**INSTRUCTIONS FOR THE TASK**
Pictures should be left out while the data beneath this task is written out word for word.

**SOURCE MATERIAL**
===============

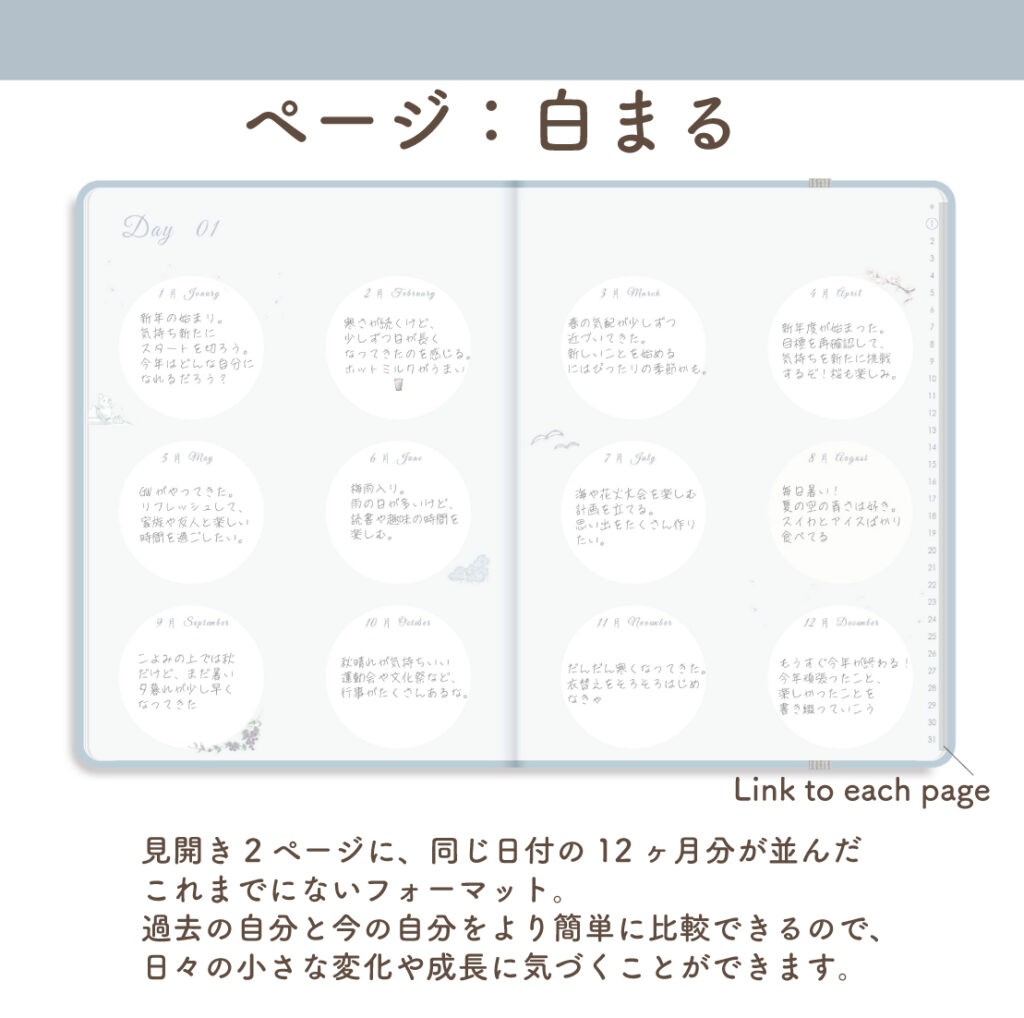 1年分の「今日」を並べて見ることで、過去の自分と今の自分をやさしく比べられ、
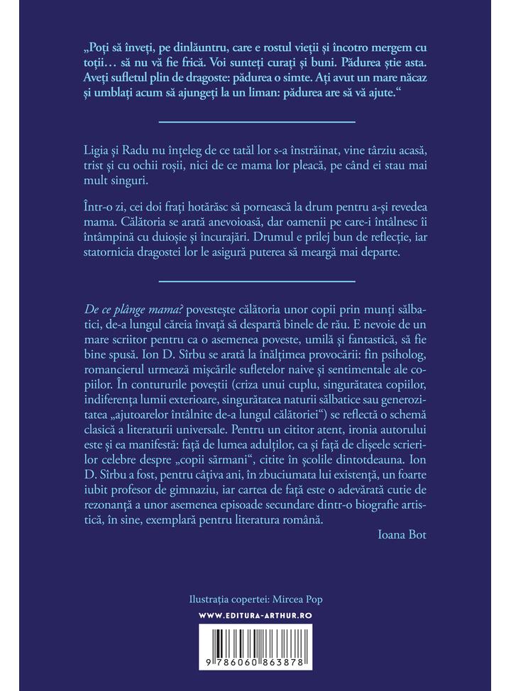 De ce plânge mama? povestește călătoria unor copii prin munți sălbatici, de-a lungul căreia învață să despartă binele de rău. E nevoie de un mare scriitor pentru ca o asemenea poveste, umilă și fantastică, să fie bine spusă. Ion D. Sîrbu se arată la înălțimea provocării: fin psiholog, romancierul urmează mișcările sufletelor naive și sentimentale ale copiilor. În contururile poveștii (criza unui cuplu, singurătatea copiilor, indiferența lumii exterioare, singurătatea naturii sălbatice sau generozitatea ,,ajutoarelor întâlnite de-a lungul călătoriei") se reflectă o schemă clasică a literaturii universale. Pentru un cititor atent, ironia autorului este și ea manifestă: față de lumea adulților, ca și față de clișeele scrierilor celebre despre ,,copii sărmani", citite în școlile dintotdeauna. Ion D. Sîrbu a fost, pentru câțiva ani, în zbuciumata lui existență, un foarte iubit profesor de gimnaziu, iar cartea de față este o adevărată cutie de rezonanță a unor asemenea episoade secundare dintr-o biografie artistică, în sine, exemplară pentru literatura română. Ioana Bot
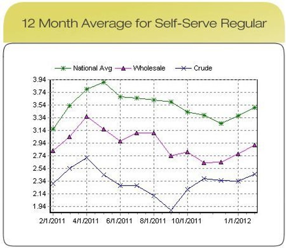 The graphs state that over a period of one year (From February 2011 - February 2012), The national average of gas cost had a constant, linear increase from one year to the next. Now, here’s the big catch.
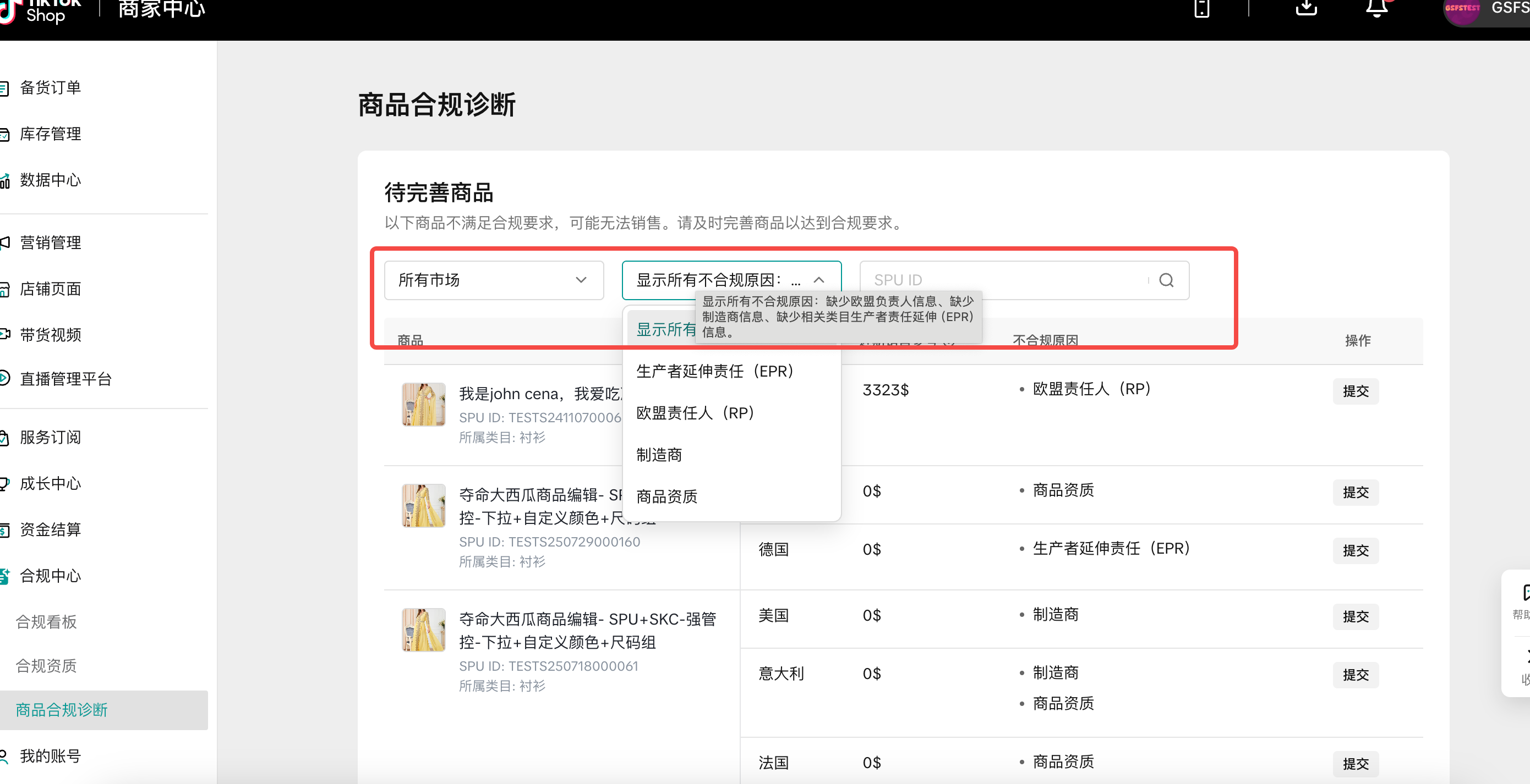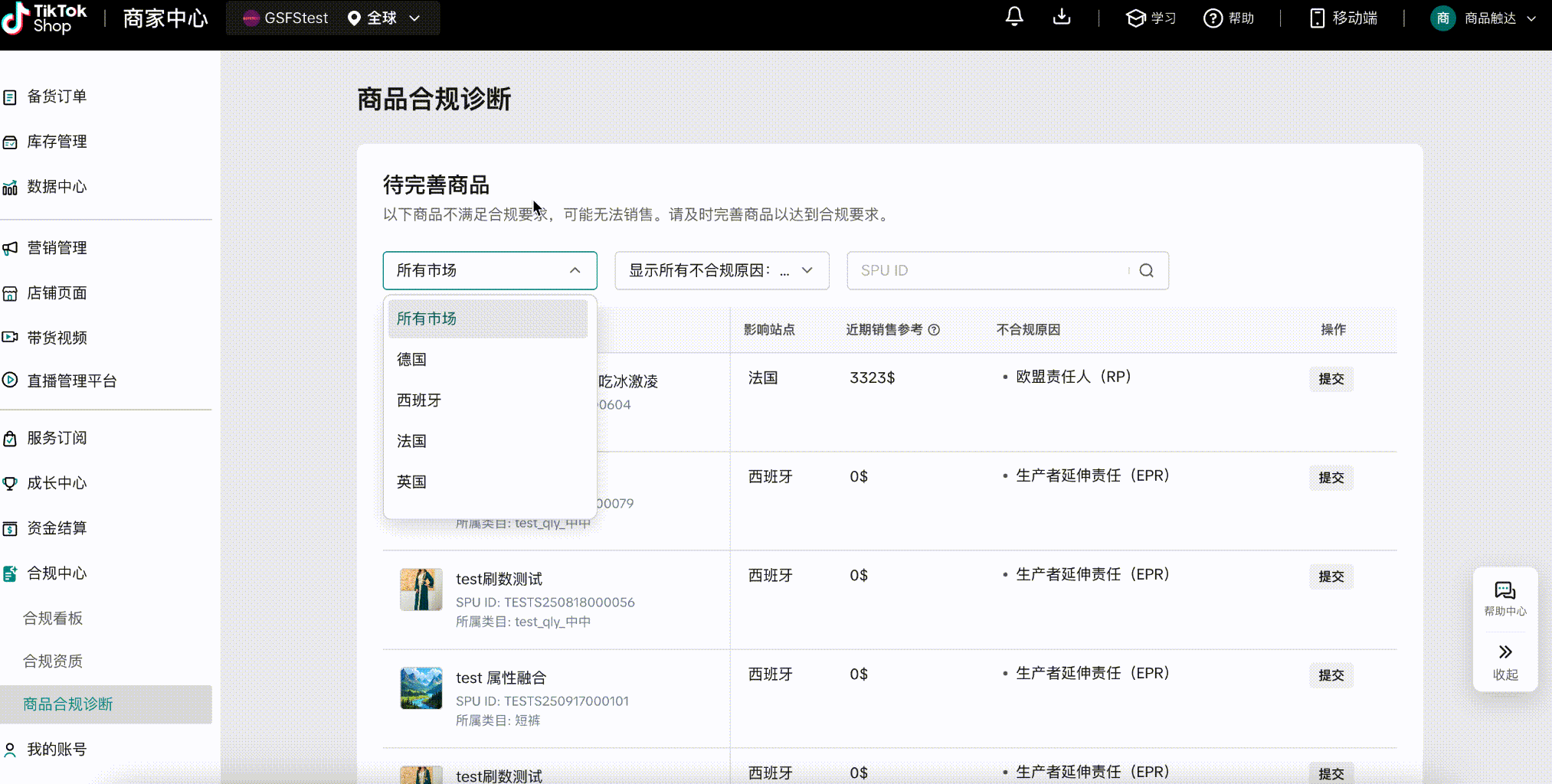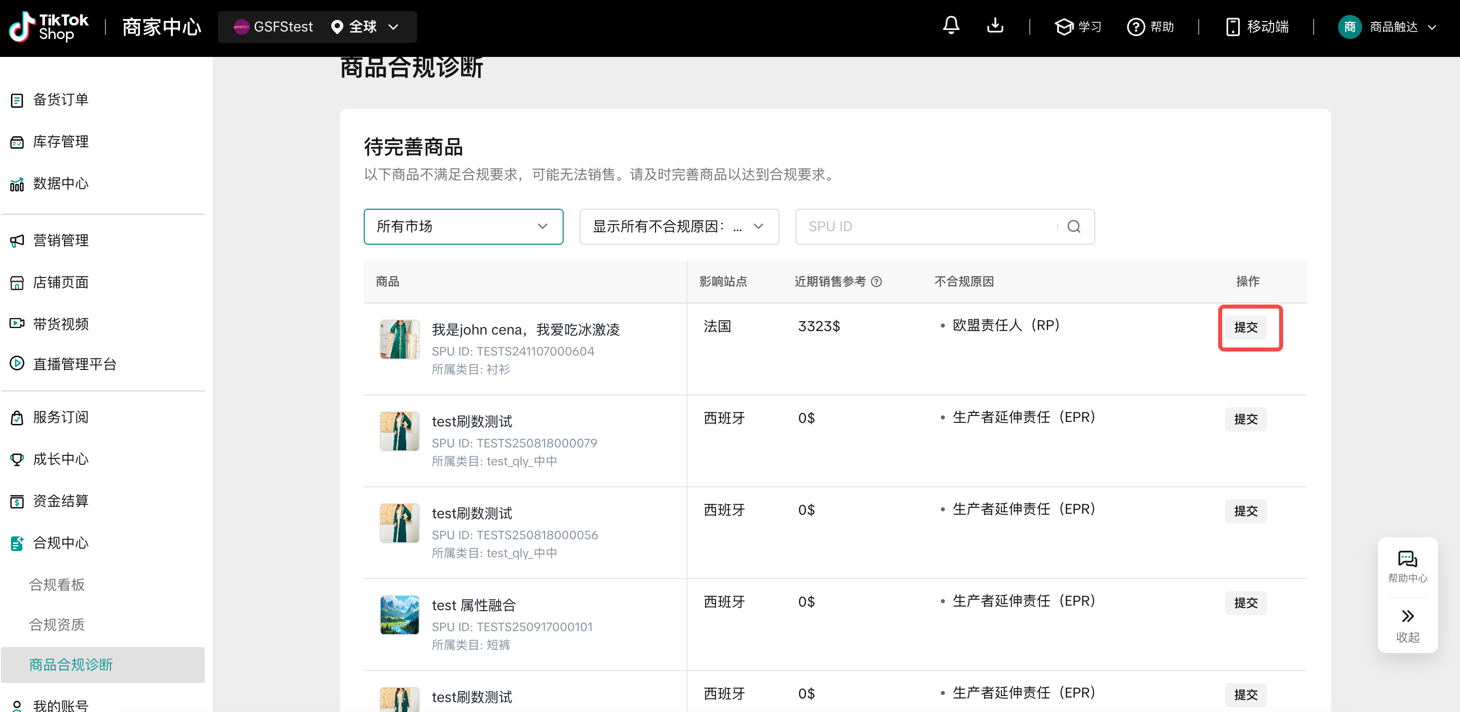 页面直达链接:https://seller.tiktokshopglobalselling.com/compliance/diagnosis

===============

**RESULT OF THIS TASK**
 1年分の「今日」を並べて見ることで、過去の自分と今の自分をやさしく比べられ、
 De ce plânge mama? povestește călătoria unor copii prin munți sălbatici, de-a lungul căreia învață să despartă binele de rău. E nevoie de un mare scriitor pentru ca o asemenea poveste, umilă și fantastică, să fie bine spusă. Ion D. Sîrbu se arată la înălțimea provocării: fin psiholog, romancierul urmează mișcările sufletelor naive și sentimentale ale copiilor. În contururile poveștii (criza unui cuplu, singurătatea copiilor, indiferența lumii exterioare, singurătatea naturii sălbatice sau generozitatea ,,ajutoarelor întâlnite de-a lungul călătoriei") se reflectă o schemă clasică a literaturii universale. Pentru un cititor atent, ironia autorului este și ea manifestă: față de lumea adulților, ca și față de clișeele scrierilor celebre despre ,,copii sărmani", citite în școlile dintotdeauna. Ion D. Sîrbu a fost, pentru câțiva ani, în zbuciumata lui existență, un foarte iubit profesor de gimnaziu, iar cartea de față este o adevărată cutie de rezonanță a unor asemenea episoade secundare dintr-o biografie artistică, în sine, exemplară pentru literatura română. Ioana Bot
 The graphs state that over a period of one year (From February 2011 - February 2012), The national average of gas cost had a constant, linear increase from one year to the next. Now, here’s the big catch.
 页面直达链接:https://seller.tiktokshopglobalselling.com/compliance/diagnosis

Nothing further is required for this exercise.